One simple solution would be to test for a range: e.g.
if (abs(a-b) <= threshold)
equal
else
not equal
BTW: use FCOMI[P] instead of FCOM
1) the FPU registers are real10 - not real8
2) it sounds like the tag word may not be restored properly
however, if you address issue 1, this may go away
otherwise, you may want to look at the FSTENV/FLDENV instructions, which save/restore the entire FPU state, including registers
Quote from: dedndave on March 29, 2012, 07:20:55 PM
1) the FPU registers are real10 - not real8
but you can save and load also other formats (double,float,sdword,sword,sqword) :wink
true
but, without seeing his test code, i am taking shots in the dark :P
Quote from: qWord on March 29, 2012, 07:18:29 PM
You want to compare two REAL-values for equality?
BTW: use FCOMI[P] instead of FCOM
- no, i am comparing only for > and <, i am comparing two real8 values in memory by loading one into st0 and using FCOM[P] to compare it to the other.
- I used FCOMI but it really makes no difference. I just do FSTSW and SAHF by myself after FCOM. I also tried using FWAIT but it didn't change anything.
Quote from: dedndave on March 29, 2012, 07:20:55 PM
1) the FPU registers are real10 - not real8
2) it sounds like the tag word may not be restored properly
however, if you address issue 1, this may go away
otherwise, you may want to look at the FSTENV/FLDENV instructions, which save/restore the entire FPU state, including registers
1) ok this might be the campus but i'm not that much of a noob. :) my code has 5271 lines by now and i know the SimplyFPU document by heart (even some byte opcodes).
2) i thought that finit restores the tag word too, no? i use finit before each command so how can that be it? maybe you just didn't read i mentioned FINIT, or im wrong about it restoring the tag word?
Quote from: dedndave on March 29, 2012, 07:39:18 PM
true
but, without seeing his test code, i am taking shots in the dark :P
I can give you code that works and that has sections that look identical to what i'm doing in my more complex code (only obviously something is different). The full code i really can't post, it's too huge and contains private info sadly.

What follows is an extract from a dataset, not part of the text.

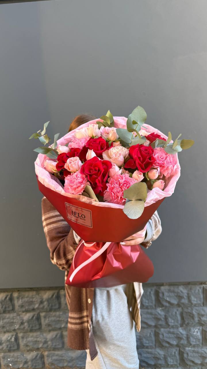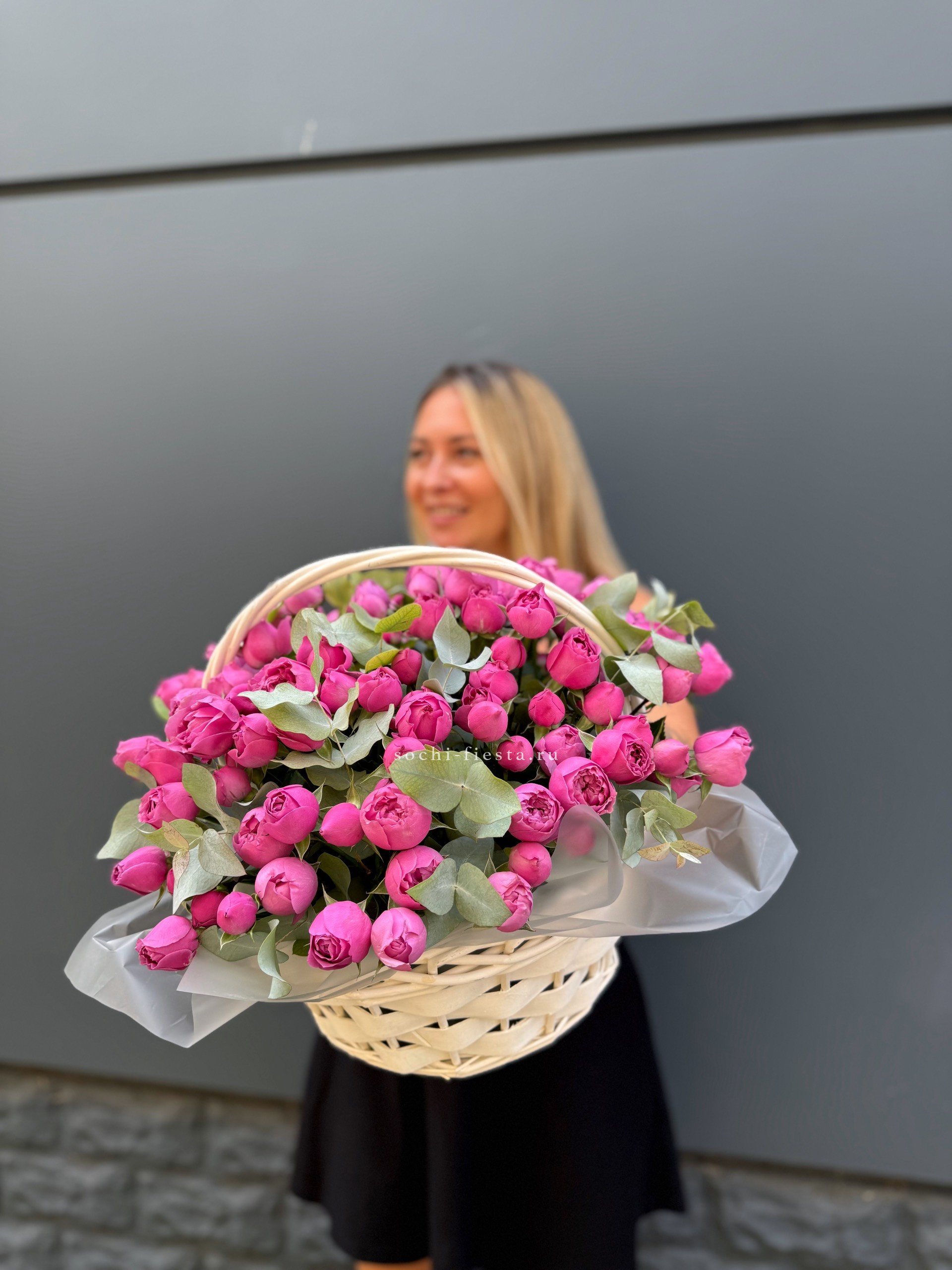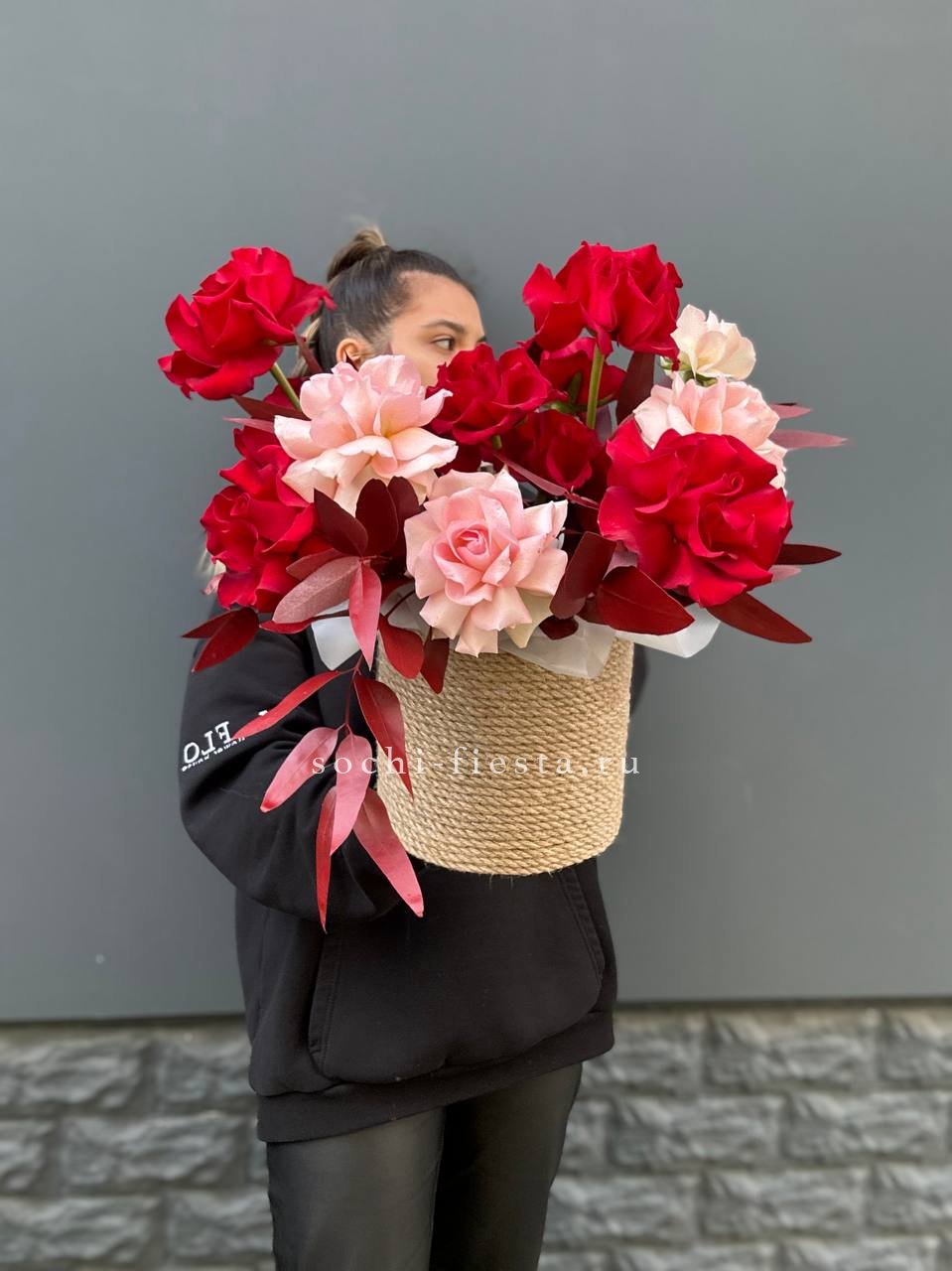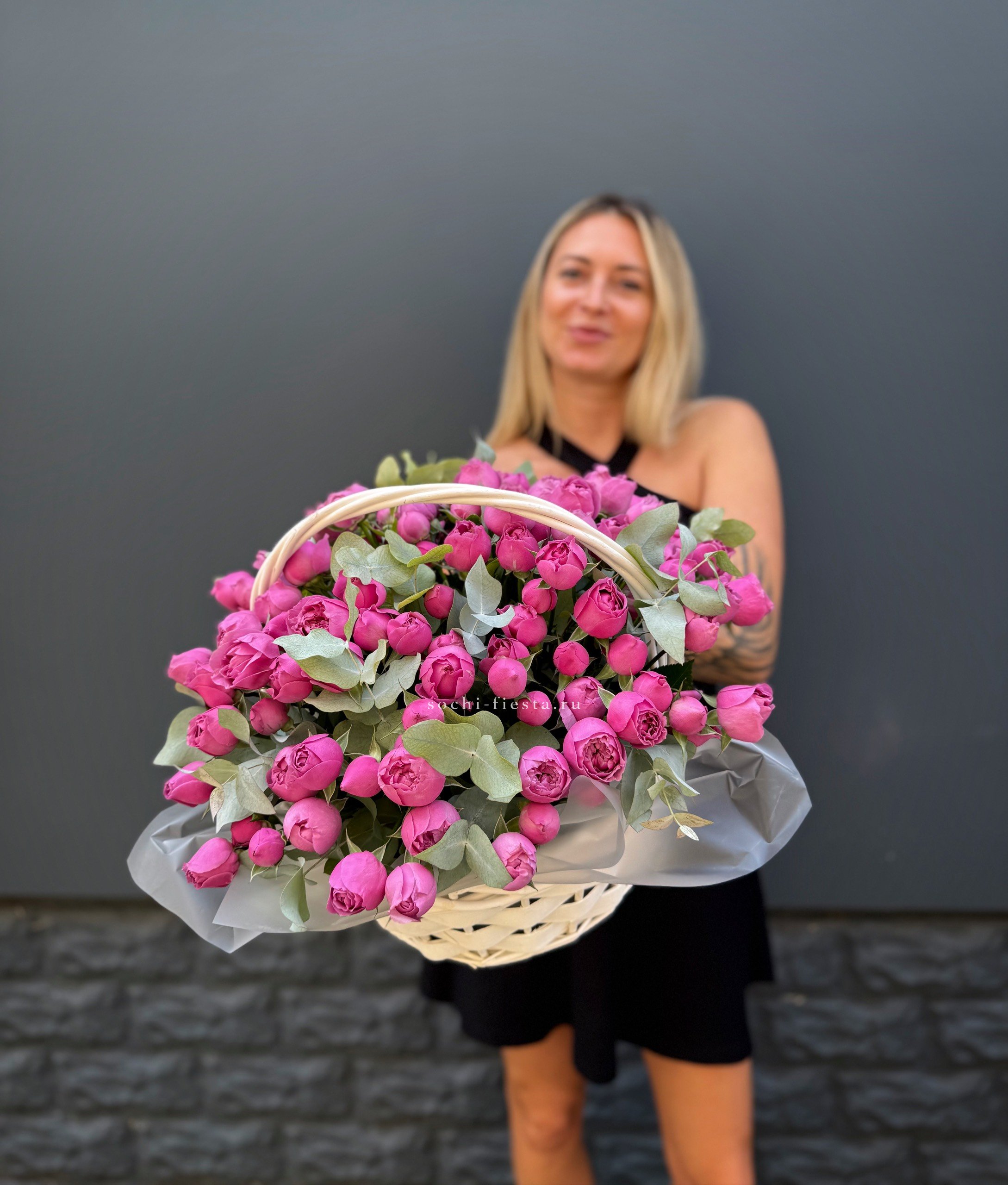 Тысяча и одна роза собраны в объёмную корзину, где каждый белоснежный бутон создаёт плотное облако лепестков. Это композиция, которая заполняет пространство и меняет восприятие комнаты одним своим присутствием.

Anyway, the main question could be now: Does FINIT restore the tag word, and if not, what would be the best way to do it? I couldn't find any documentation on that.
This might be the reason:
Proc1 calls Proc2.
The FPU is initialized in Proc2, gets the values for the registers and returns from the proc (with ret) back to Proc1.
It does nothing else but load zeros into registers and some other non-zero numbers and performs FPU calculations and commands.
When we return to Proc1, within Proc1 it then stores the FPU into my array of real8 (using FSTP 8 times). This is done immediately after Proc2 returns.
Does the push/pop this proc call (and ret) causes maybe something to mess up the tag word?
Edit: never mind, i just tested storing st(0) into a single variable within the same proc, and when compared to a constant of 10.0, it jumps to "jpe", so still errorish.
braincell,
did you ever use a debugger?
I would suggest you place a INT 3 before the point of interest and then use OllyDbg to step through the code.
Quote from: braincell on March 29, 2012, 08:08:52 PMi use finit before each command so how can that be it?
we may have found the problem, right there :P
i suggest FINIT once at the beginning of the program
then - try not to stuff more than 8 values into the FPU at any given time
oh - and read the FINIT part of Ray's tutorial one more time :bg
Quote from: qWord on March 29, 2012, 08:28:49 PM
braincell,
did you ever use a debugger?
I would suggest you place a INT 3 before the point of interest and then use OllyDbg to step through the code.
Did i ever? I use Olly every day. I can't get it to work with INT3 because this is a dll called from .Net (managed code) it just hangs. I debug by outputting to a text file. :)
Quote from: dedndave on March 29, 2012, 08:30:26 PM
Quote from: braincell on March 29, 2012, 08:08:52 PMi use finit before each command so how can that be it?
we may have found the problem, right there :P
i suggest FINIT once at the beginning of the program
then - try not to stuff more than 8 values into the FPU at any given time
oh - and read the FINIT part of Ray's tutorial one more time :bg
I just removed all FINIT from my code except for the first one. I wasn't sure it would work, but obviously i was careful enough with it, so the code worked.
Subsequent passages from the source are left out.